Requirements Clarification

Functional:

  • Return top 5โ€“8 location suggestions on every keystroke
  • Rank by: proximity to current location, query frequency, personalisation score
  • Support 195 countries and 40+ languages
  • New businesses appear in autocomplete within 24 hours of being added to the POI database

Non-Functional:

  • 5B queries/day (~58k QPS average, peaks to 300k QPS)
  • P99 < 80ms globally (including network RTT from edge)

Index Structure

The autocomplete index is a prefix trie over location names with two additions:

Popularity score per node: normalised query frequency from the past 90 days, used for initial ranking within a prefix match.

Geographic bounding box per POI: used to boost results near the user's current GPS coordinates at re-ranking time.

The trie is pre-built offline (hourly Spark job), serialised to a compact binary format, and distributed to edge POPs globally.
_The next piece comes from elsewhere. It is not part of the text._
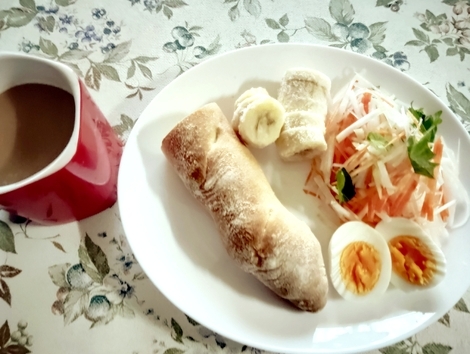 バゲット、茹で卵、大根人参セロリのサラダ、バナナ、カフェオレ☕️

Edge nodes serve the trie in memory: lookup is O(k) where k is the query prefix length.

Two-Stage Serving

Stage 1: Edge node queries the local trie replica for the typed prefix. Returns top 20 raw candidates based on popularity score alone.

Stage 2: Re-ranking pass applies proximity boost (haversine distance from device GPS), personalisation score, and freshness penalty (demote POIs with recent closures). Returns top 8 to the client.

This two-stage design keeps the trie simple and fast while allowing contextual re-ranking without a round-trip to a central server.

Personalisation Without Raw Query Logging

User query history is stored locally on-device. At query time, the device sends an anonymous feature vector (not raw history) to the re-ranking layer. The vector encodes recency-weighted category preferences (coffee shops, gyms, airports) without identifying specific past searches.